NEW DELHI: In a relief to the common man as well as policymakers, retail inflation seems to have begun moderating as the headline inflation rate measured by the Consumer Price Index (CPI) eased to 6.71% in July from 7.01% in June. It is for the first time since April 2022 that retail inflation has fallen below the 7% level.
The lower figure in July was largely driven by the easing of prices of food and beverage and miscellaneous items. While housing, pan, tobacco and intoxicant prices showed moderate growth, that of clothing and fuel continued to expand sharply year-on-year.
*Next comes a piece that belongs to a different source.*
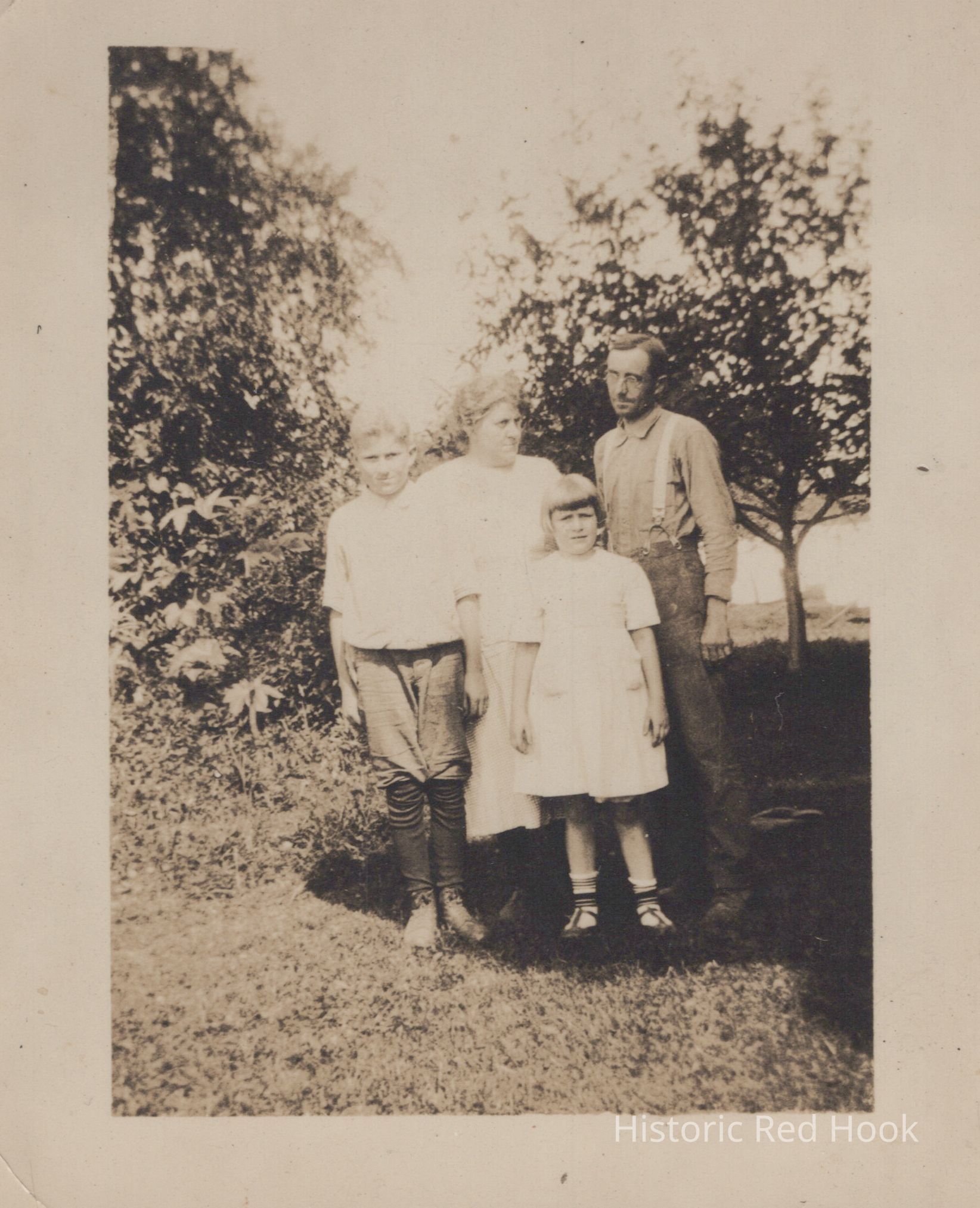 Elmore, Fanny, Curtis (L-R) and Ruth Fraleigh standing outdoors.Photograph Details

On a month-on-month basis, however, vegetable prices fell marginally as the food and beverages index remained flat, also benefiting from corrections in prices of edible oils, meat and fish. The drop in inflation in July was on expected lines as fears of global recession and fresh geopolitical uncertainties led to a correction in global commodity prices, easing the domestic inflation pressure.
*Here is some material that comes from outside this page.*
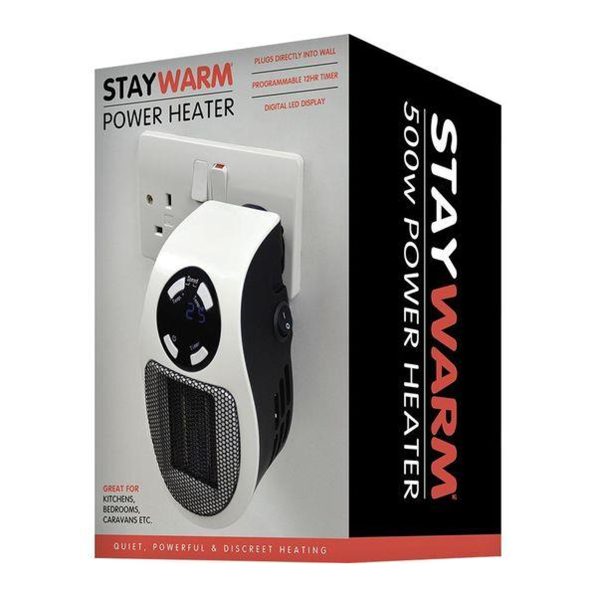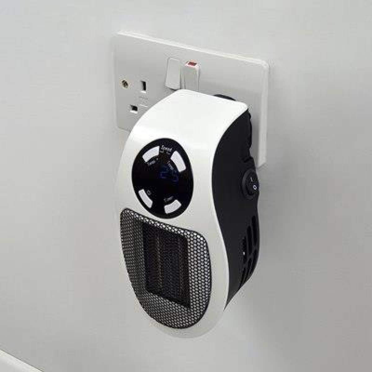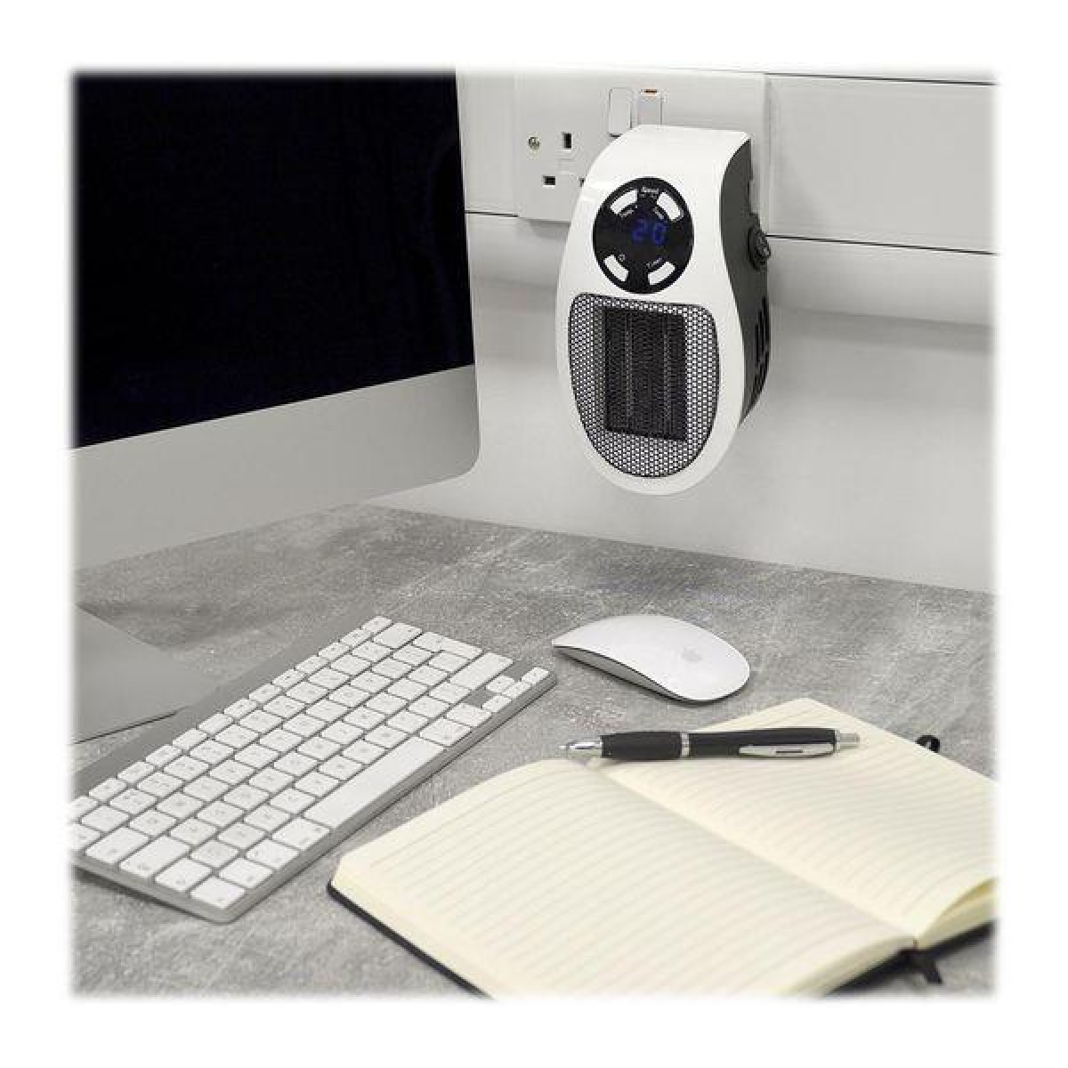 Direct plug in to mains socket 500w power Ceramic PTC heater 2 fan speeds low or high Fan - 60 sec delay after shut off LED display showing temperature fan speed and timer 15-30 degree celsius temperature setting 1-12 hour timer setting to turn off Overheat protection Illumianted power light at bottom Colour: white Packaging: gift box

However, analysts and economists warn against letting the guards down on inflation. “CPI headline inflation for July has moderated in line with our expectations led largely by food inflation, while the core inflation remains elevated and sticky. The coming few readings are expected to be a tad above 7% with inflation likely to hover above RBIs upper threshold limit of 6% until January 2023,” said Upasana Bhardwaj, chief economist, Kotak Mahindra Bank.
The Reserve Bank of India (RBI) in its August monetary policy statement retained its inflation projection for 2022-23 at 6.7%. RBI is mindful of the fact that spillovers from geopolitical shocks are imparting considerable uncertainty to the inflation trajectory. The central bank also said that it is watchful of the shortfall in paddy sowing.
However, analysts believe that there would be no pause in rate hikes. Aditi Nayar, chief economist of ICRA, expects another increase of 10-35 bps in the September 2022 policy meeting.